GLOVER++: Unleashing the Potential of Affordance Learning from Human Behaviors for Robotic Manipulation
Journal:
arXiv
Published Date:
May 17, 2025
Abstract
Learning manipulation skills from human demonstration videos offers a
promising path toward generalizable and interpretable robotic
intelligence-particularly through the lens of actionable affordances. However,
transferring such knowledge remains challenging due to: 1) a lack of
large-scale datasets with precise affordance annotations, and 2) insufficient
exploration of affordances in diverse manipulation contexts.

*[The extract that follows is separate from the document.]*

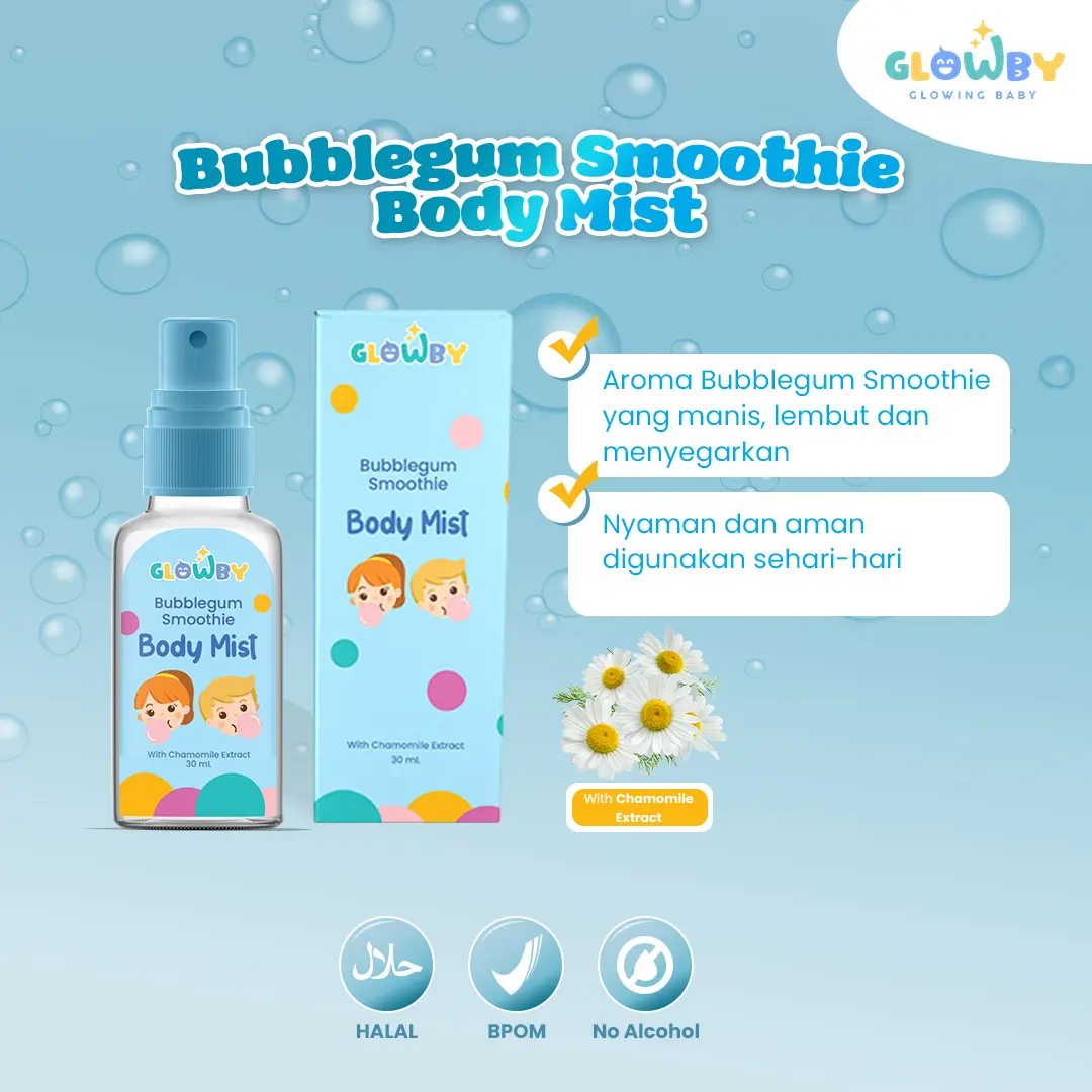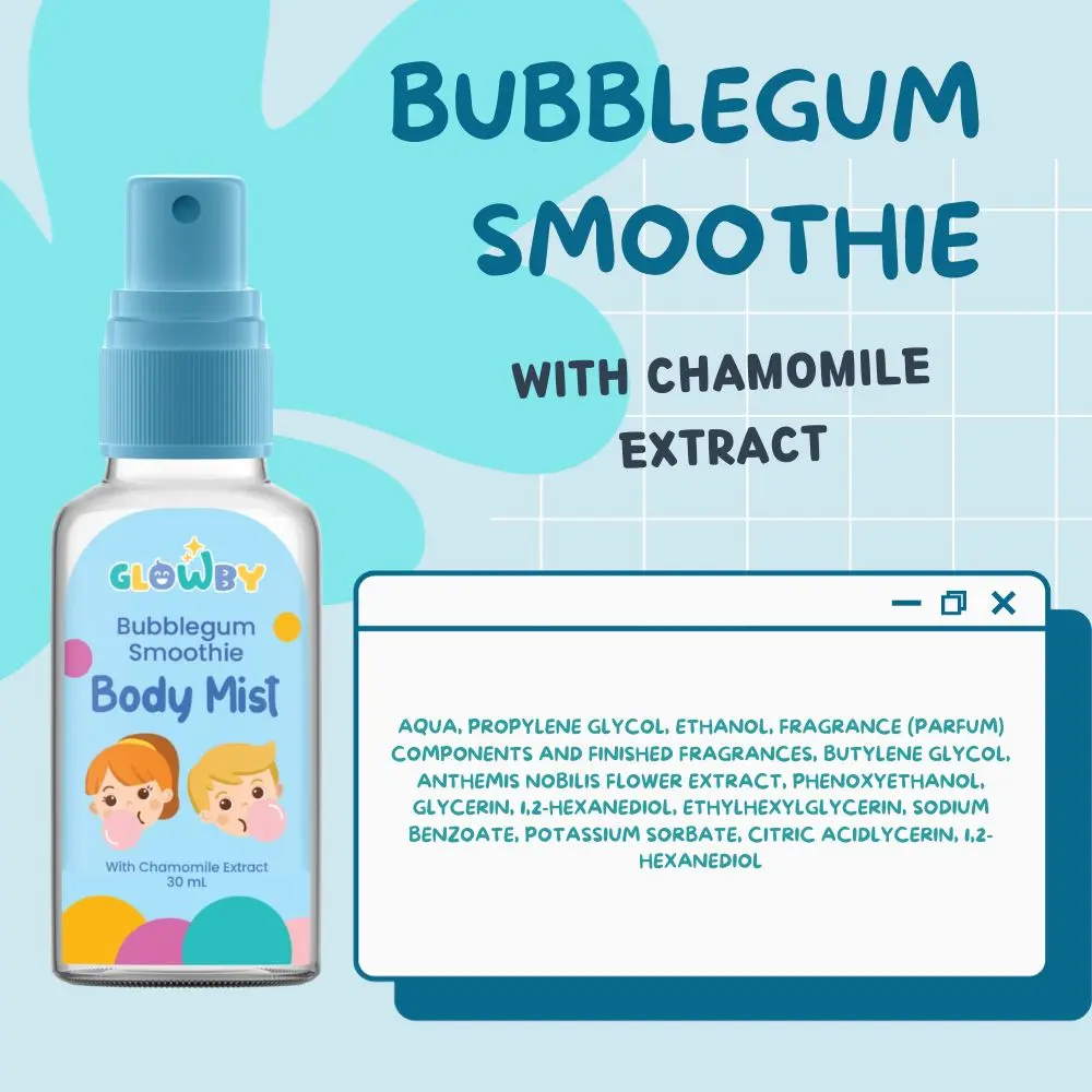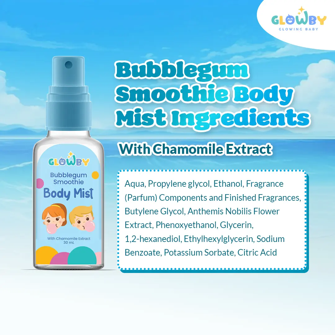 ยทAman untuk bayi dan anak Body Mist Smoothie Bubble Gum Glowby mengandung chamomile extract yang aman digunakan pada kulit bayi maupun anak Anda. Dengan formula lembut tanpa alkohol, menjadikan produk ini aman digunakan sehari-hari.

To address these
gaps, we introduce HOVA-500K, a large-scale, affordance-annotated dataset
comprising 500,000 images across 1,726 object categories and 675 actions. We
also release a standardized benchmarking suite for multi-modal affordance
reasoning. Built upon HOVA-500K, we present GLOVER++, a global-to-local
affordance training framework that effectively transfers actionable affordance
knowledge from human demonstrations to downstream open-vocabulary reasoning
tasks. GLOVER++ achieves state-of-the-art results on the HOVA-500K benchmark
and demonstrates strong generalization across diverse downstream robotic
manipulation tasks. By explicitly modeling actionable affordances, GLOVER++
facilitates robust transfer across scenes, modalities, and tasks. We hope that
HOVA-500K and the GLOVER++ framework will serve as valuable resources for
bridging the gap between human demonstrations and robotic manipulation
capabilities.